The prototype was built at Stevens’ MicroDevice Laboratory (MDL).

When machines fail

The biggest challenge was posed by something entirely out of their control: the MDL’s nanoimprintor, which produces the carbon nanotubes, broke down over winter break. “We had to maneuver,” Armstrong says. “What else could we test? What other aspects could we move forward with?”

Luckily, the machine was soon back online. They scrambled to find time to work together—both Pollio and Armstrong are commuters—and sometimes collaborated via FaceTime.

The team isn’t alone in attempting to create a smart contact lens. The closest to Ocularity is the Triggerfish sensor, a hydrogel lens that measures pressure peaks and valleys throughout the day. The data is transmitted via Bluetooth to a small adhesive antenna worn near the eye.

Getting comfortable with nanotech

“Working at the microscale has been a new challenge for all of us,” Pollio says. “When I first learned about nano and micro tech, I thought it was daunting—a completely different world you can’t even see. While there are differences, it’s not as scary as you’d think.”

“I know people at other schools who only do semester-long projects,” Armstrong says. “I have a friend at University of Maryland whose senior project only took him a semester, and he didn’t get to do nearly as much as we did.”

Innovation Expo

At the Innovation Expo on May 3, “We are hoping to have a model of the lens that is macro-scale and be able to show that it can read pressure changes and output those values,” says Henry.

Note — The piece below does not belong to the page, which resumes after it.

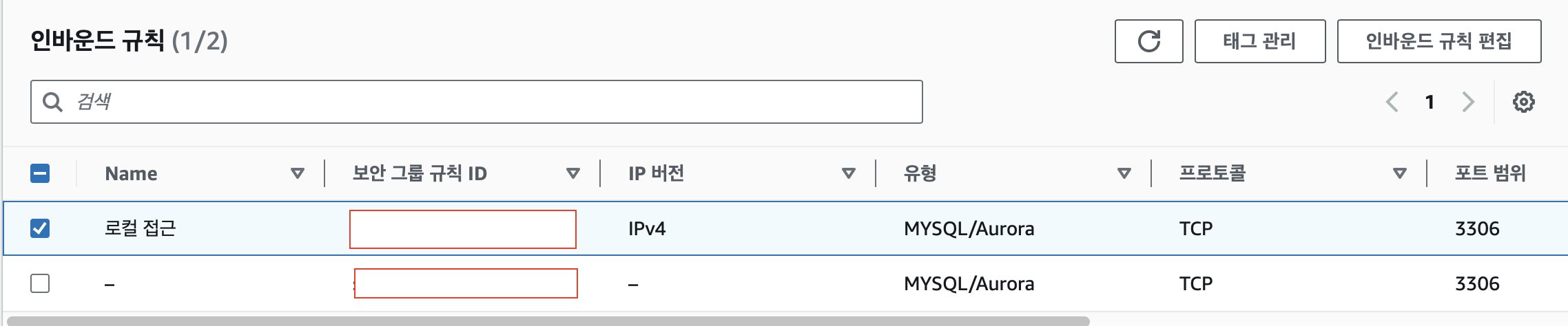 DB에 보안그룹이 설정되어있다면, 나의 IP가 접근 가능하도록 정보를 등록해준다.

“The best part [of the project] for me is solving a problem,” says Armstrong. “With some projects, it’s hard to see the use for it. But with an issue like glaucoma—1.5 million people are diagnosed in U.S alone every year. We’re doing something in long run that we can take to the healthcare community and that can provide better treatment and better quality of life.”

“Most if not all of us have personal stake in this project,” says Pollio. “We’ve had a family member or friend suffering from this. I think that’s kept us motivated and on track to make a difference.”